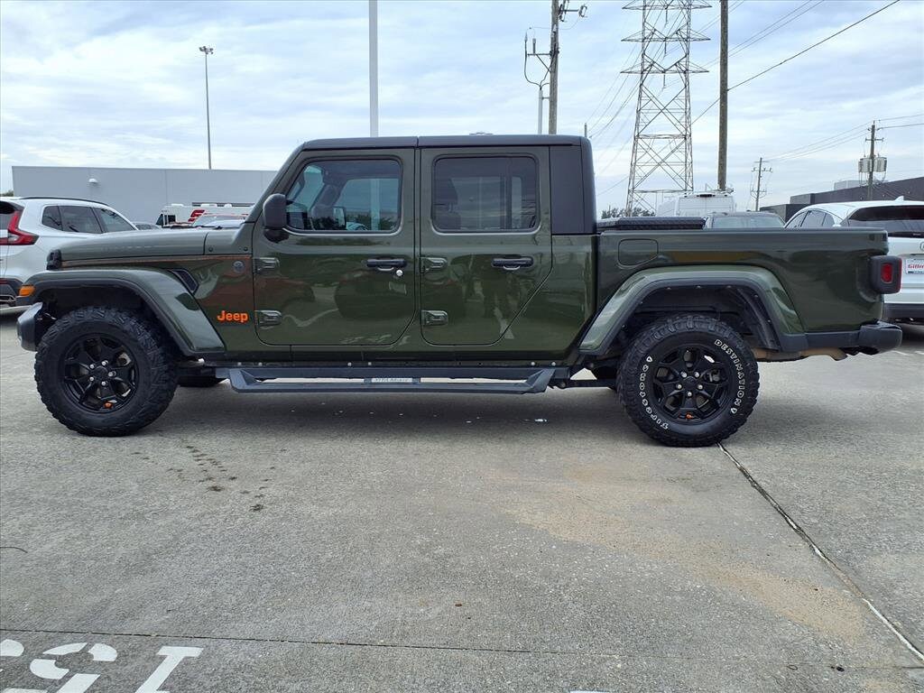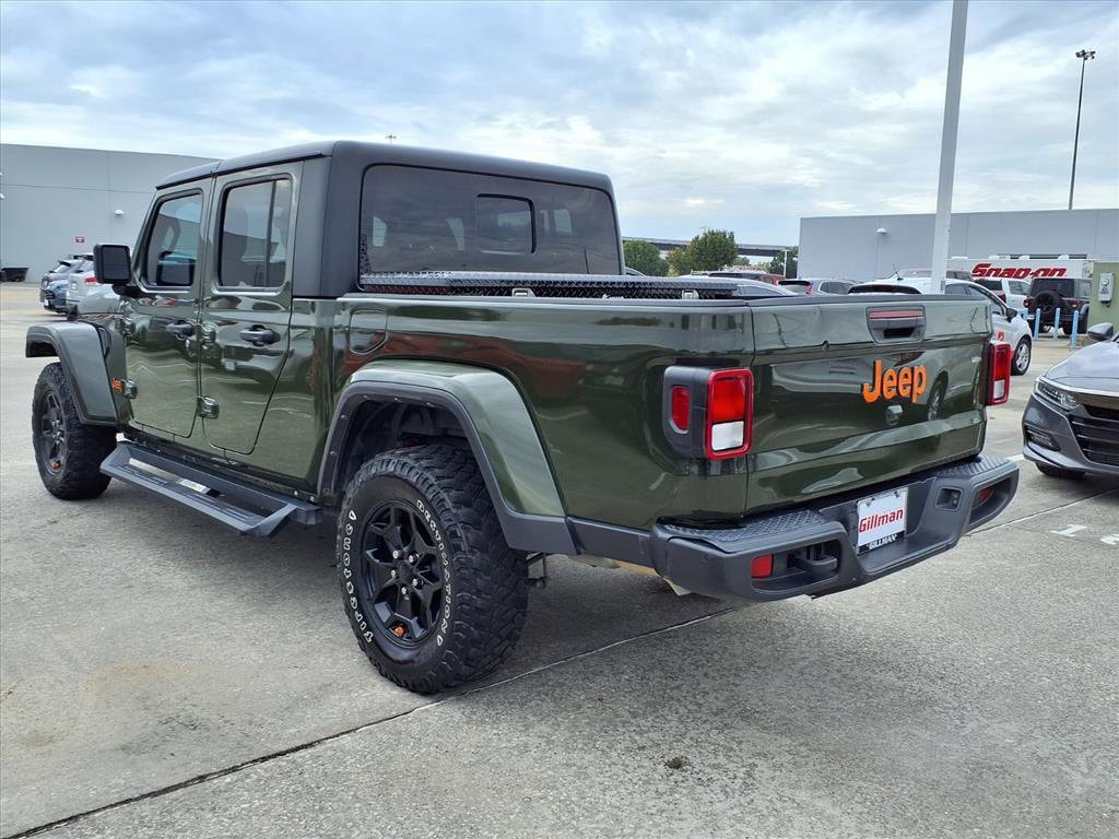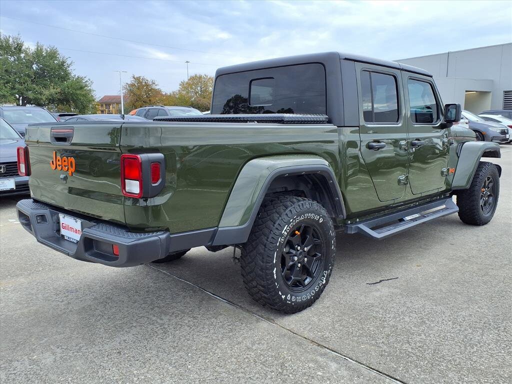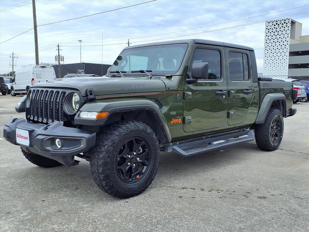 Gillman's Lifetime Engine Warranty lasts as long as you own your vehicle - free with the Gillman Pre-Owned Promise. If the vehicle isn't right for you, return it in purchase condition within 2 days or 200 miles as part of our Happy-Driving Guarantee. (Valid on vehicles under 90,000 miles and less than 7 years old). Conquer any terrain in this striking Dark Green 2022 Jeep Gladiator Willys 4x4 Crew Cab. Built for adventure and utility, it features a robust 3.6L V6 engine paired with a 6-speed manual transmission for hands-on control. The legendary Willys trim delivers rugged capability with monotube shocks, rear limited slip differential, and powertrain skid plates. Enjoy comfort and tech with the 8.4-inch Uconnect infotainment system, Apple CarPlay, Android Auto, and Alpine premium audio. The MOPAR spray-in bedliner, removable soft top, and black 3-piece hard top maximize versatility. Stay connected and secure with SiriusXM Guardian, a rearview camera, and proximity keyless entry with remote start. The Gladiator's class II trailer hitch, 7-pin wiring, and rear tow hooks make towing a breeze. With a bold look-black grille, running boards, and fender flares-plus features like heated mirrors, cruise control, and a locking center console, this Jeep is ready for work or play. Schedule your test drive today and experience the Gladiator difference! All vehicles subject to prior sale. We are not responsible for typographical errors and may change information without notice. Photos may not depict the actual vehicle. Tax, title, and license fees not included. Dealer Discount available to all buyers.Vehicles purchased from Gillman Automotive Group include a Bring It Back Guarantee: return the vehicle in purchase condition within two days or 200 miles. New current-model-year vehicles and qualifying pre-owned vehicles (under 90,000 miles and less than 7 years old) are eligible. Guarantee is non-transferable and has no cash value. Lifetime Warranty available on select pre-owned vehicles. See dealer for details; restrictions may apply.
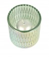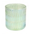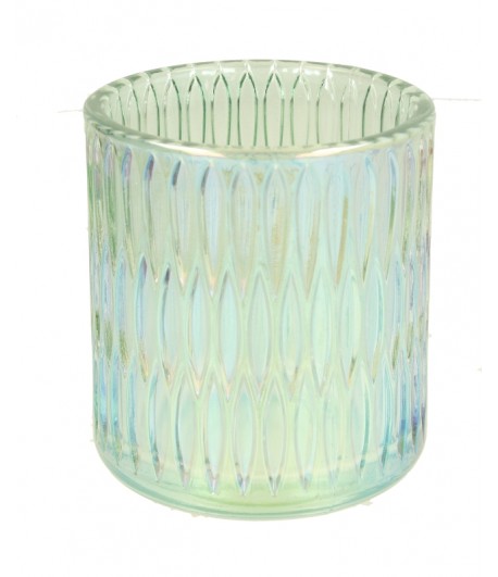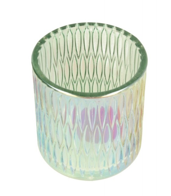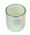 Efektowny świecznik szklany jasnozielony z delikatnym tęczowym połyskiem. Świecznik posiada teksturę w kształcie łezki, dzięki czemu pięknie załamuje światło płomienia.
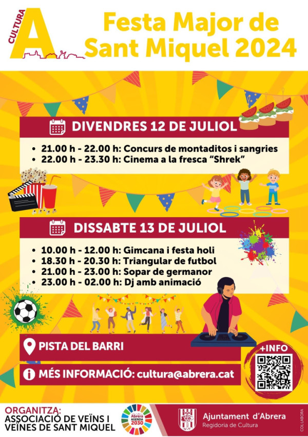 Des de l'Associació de Veïnes i Veïns del barri de Sant Miquel, amb la col·laboració de l'Ajuntament d'Abrera, s'ha preparat un programa que inclourà actuacions musicals i activitats per a la canalla, així com el tradicional sopar de germanor. Tots els actes tindran lloc a les pistes del barri de Sant Miquel, durant el divendres 12 i el dissabte 13 de juliol d'enguany. Repasseu el programa d'activitats de la Festa Major del barri de Sant Miquel:

· · · · ·

TASK REQUIREMENTS: Pictures aside, retype the material exactly.

OUTPUT BELOW:
 Gillman's Lifetime Engine Warranty lasts as long as you own your vehicle - free with the Gillman Pre-Owned Promise. If the vehicle isn't right for you, return it in purchase condition within 2 days or 200 miles as part of our Happy-Driving Guarantee. (Valid on vehicles under 90,000 miles and less than 7 years old). Conquer any terrain in this striking Dark Green 2022 Jeep Gladiator Willys 4x4 Crew Cab. Built for adventure and utility, it features a robust 3.6L V6 engine paired with a 6-speed manual transmission for hands-on control. The legendary Willys trim delivers rugged capability with monotube shocks, rear limited slip differential, and powertrain skid plates. Enjoy comfort and tech with the 8.4-inch Uconnect infotainment system, Apple CarPlay, Android Auto, and Alpine premium audio. The MOPAR spray-in bedliner, removable soft top, and black 3-piece hard top maximize versatility. Stay connected and secure with SiriusXM Guardian, a rearview camera, and proximity keyless entry with remote start. The Gladiator's class II trailer hitch, 7-pin wiring, and rear tow hooks make towing a breeze. With a bold look-black grille, running boards, and fender flares-plus features like heated mirrors, cruise control, and a locking center console, this Jeep is ready for work or play. Schedule your test drive today and experience the Gladiator difference! All vehicles subject to prior sale. We are not responsible for typographical errors and may change information without notice. Photos may not depict the actual vehicle. Tax, title, and license fees not included. Dealer Discount available to all buyers.Vehicles purchased from Gillman Automotive Group include a Bring It Back Guarantee: return the vehicle in purchase condition within two days or 200 miles. New current-model-year vehicles and qualifying pre-owned vehicles (under 90,000 miles and less than 7 years old) are eligible. Guarantee is non-transferable and has no cash value. Lifetime Warranty available on select pre-owned vehicles. See dealer for details; restrictions may apply.
 Efektowny świecznik szklany jasnozielony z delikatnym tęczowym połyskiem. Świecznik posiada teksturę w kształcie łezki, dzięki czemu pięknie załamuje światło płomienia.
 Des de l'Associació de Veïnes i Veïns del barri de Sant Miquel, amb la col·laboració de l'Ajuntament d'Abrera, s'ha preparat un programa que inclourà actuacions musicals i activitats per a la canalla, així com el tradicional sopar de germanor. Tots els actes tindran lloc a les pistes del barri de Sant Miquel, durant el divendres 12 i el dissabte 13 de juliol d'enguany. Repasseu el programa d'activitats de la Festa Major del barri de Sant Miquel:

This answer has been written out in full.